Gorman: ‘Likely potential’
for shorted budget and cuts
Superintendent worries CMS might feel pinch
by Anna Butler
anna@thecharlotteweekly.com

At a June 6 media briefing, Charlotte-Mecklenburg Schools Superintendent Peter Gorman did not disguise his dismay at the county’s recent refusal to grant CMS its budget request in full. The Mecklenburg Board of County Commissioners disclosed at a June 5 meeting the plan to withhold nearly $5 million from CMS’s initial request, causing the school board and Gorman to consider putting another notch in the already tightened budget belt. Although cuts may be on the not-so-distant horizon, Gorman warns that prematurely disclosing where the trimmings will be made could be risky before the state exposes its fiscal appropriations for the school system.

In a letter of request by Board of Education Chairman Joe White, Gorman and the CMS board presented a plea for $30.3 million, an increase of $20.8 million.
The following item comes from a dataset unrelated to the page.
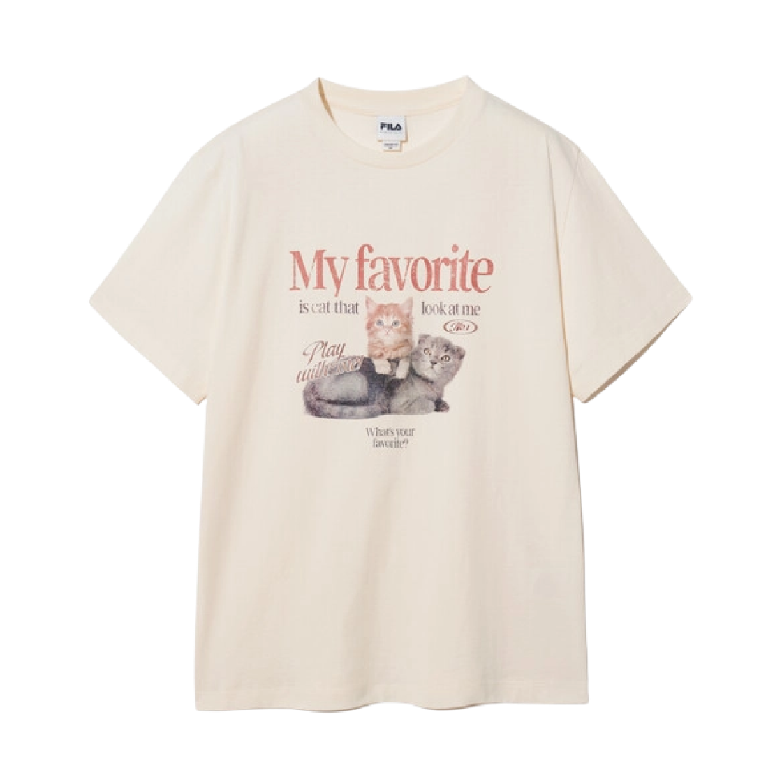 (W) 휠라 오버핏 고양이 티셔츠 화이트 아이보리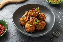 Sadheko momo or Sandheko momo is a Nepalese dish where it fuses the momos with various spices and seasoning.[1] To make this dish, the momos are first pan fried before adding a mixture of spices, herbs, tomato, sliced onions, garlic, coriander, chillies, salt and a sprinkle of lemon.[2][3][4]

The local cost requests totaled $17.5 million to cover the expense of “growth and sustaining operations.” With an estimated increase of 5,000 students for the 2007-08 school year, the board felt the community’s future hinged on the ability to fully fund the educational needs of “tomorrow’s workers, tomorrow’s citizens and tomorrow’s leaders.” The school board attributed its appeal for increased funding to higher insurance costs, state-mandated salary increases and the additional $9.6 million needed to cover two new schools. Now, local funding decisions have left CMS with a $5 million shortfall and a longer-than-ever to-do list.

“We haven’t decided (where cuts will be made). It is way too early,” Gorman told Charlotte Weekly after the briefing. “We have to be careful until we know the final number (the appropriations amount) from the state, because if we say where those final cuts would be and we end up getting the money, then we create a perilous situation. If an employee thinks there may be a cut and we end up getting funding, that employee could leave us and go somewhere else.”

Although initially the numbers proposed by the county manager were more closely aligned with CMS’s expectations, Gorman described the newly announced budget hiccup as a “very normal thing.” Currently the county provides one-third of the budgeting dollars for CMS, leaving the remaining two-thirds as the state’s responsibility. “Right now we are in the process of monitoring what the state budget is,” said Gorman. “If we find that it (the state budget) does not reach what we have as our existing budget, we will have to sit down and go through a process and the board will make recommendations on how we would monitor the budget.

“I can say with certainty, we never got exactly … what we asked for from state, local and federal (funding sources),” Gorman said of years past. “We are used to this. I don’t mean to be flippant about being $5 million short, but the process we are used to. We are working on decisions and recommendations that we would make to the board pending the outcome.” Although seemingly calm, Gorman cautioned that cuts could come at a sacrifice. “We recommended to the board a budget that we feel (included) the things we had to have,” said Gorman, adding that reductions would affect “serious areas that will be detrimental to the quality of programs that we provide to the kids. These will be painful decisions that we have to make.”

Gorman and the school board now face a slightly heightened hurdle but remain optimistic, understanding that the process was not entirely fruitless. “I am disheartened it wasn’t the full funding in the end,” Gorman said. “Budgeting is an ongoing process. It is a multiple-year relational and related experience. We are always working to build the bridge for next year and to create that foundation.”

For now, the CMS budget is on standby pending the state’s final decision. Until then, many are speculating about which areas the restrictions are most likely to affect. “It depends on when the budget is passed,” said Gorman, noting that the state has no definitive deadline by which to pass the budget.

Although much remains unclear, Gorman thinks parents should be aware of the situation. “We have come up $5 million short from allocation from the county,” explained Gorman. “The state is still working on their budget, but there is likely potential that the district will have to go back and make some reductions.”